At about the same time last year, Chinese scientists first used CRISPR in humans to treat an aggressive form of lung cancer as part of clinical trials in Chengdu, Sichuan Province. Since then, immunologists from the University of Pennsylvania began accepting patients with a deadly form of cancer for the first CRISPR tests in the United States — they tried to pump T-lymphocytes so that they better attack the tumors. But no one has yet used CRISPR for the treatment of genetic diseases.

The competitor Crispr Therapeutics, Editas, was once the leader in the correction of inherited mutations. The company announced that it would edit the genes in patients with a rare retinal disease called amaurosis Leber already this year. But the directors decided in May to postpone the research in the middle of 2018, after having encountered the problems of producing one of the elements necessary for the delivery of the edited genes. Intellia Therapeutics, which Caribou co-founded, by giving it an exclusive CRISPR license to commercialize human genes and cells therapies, is still testing its lead treatment in primates, and does not expect it to appear in clinical trials earlier than 2019. And all these races to the finish line of the clinical line go not only for the right to be called first. To be first is to build a successful business and supply chain.

CRISPR clinical applications mature much faster than other, older gene editing technologies. Sangamo Therapeutics has been working with a DNA cutting tool called zinc fingers since 1995. In November, more than two decades later, doctors finally introduced this tool, along with billions of copies of the edited gene, to 44-year-old Brian Mado, suffering from a rare genetic disease, Hunter syndrome . He became the first patient to receive treatment in the very first study of gene editing in the body. Despite the emergence of new, more efficient technologies, such as CRISPR, Sangamo continues to concentrate on zinc fingers, because, as she claims, they are safer and can cause less unpleasant genetic consequences.
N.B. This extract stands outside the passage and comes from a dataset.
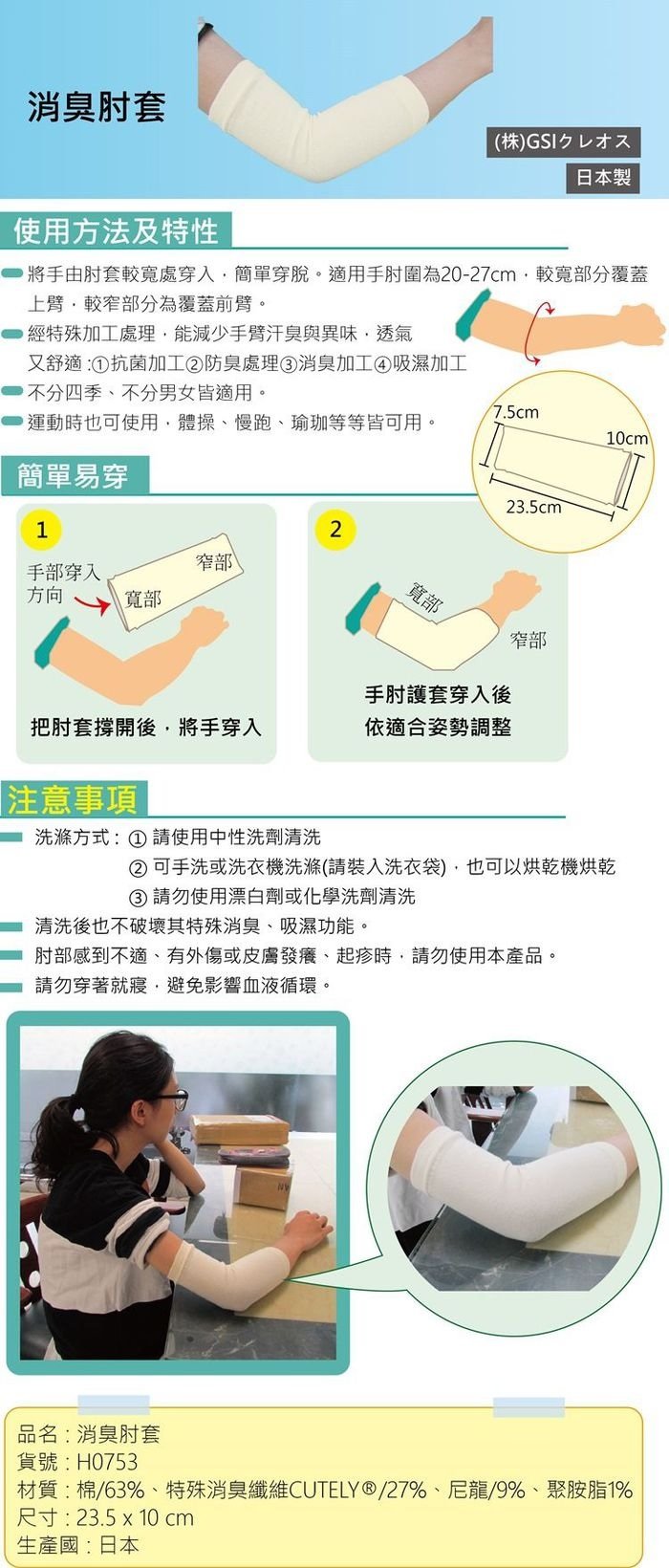◆ 適用手肘受傷者 長時間使用電腦者 愛運動者使用 ◆ 材質舒服 透氣防臭 除濕 ◆ 不分男女 皆可使用 ◆ 日本製造品質有保障

CRISPR does have some small problems with efficiency, although their real value is still a matter of controversy. The new study, published only on Monday in the journal Proceedings of the National Academy of Sciences, argues that genetic differences between patients can affect the efficacy and safety of CRISPR treatment sufficiently to carry out treatments to order. This means that CRISPR companies will have to work a lot more to prove to regulators that their treatment is safe enough for use on real people - and to prove to patients that participation in trials is worth the risk. Kulkarni says they checked 6,000 positions in the genome and did not find a single side effect. But only American and European regulators will decide if there is enough evidence to begin CRISPR clinical trials.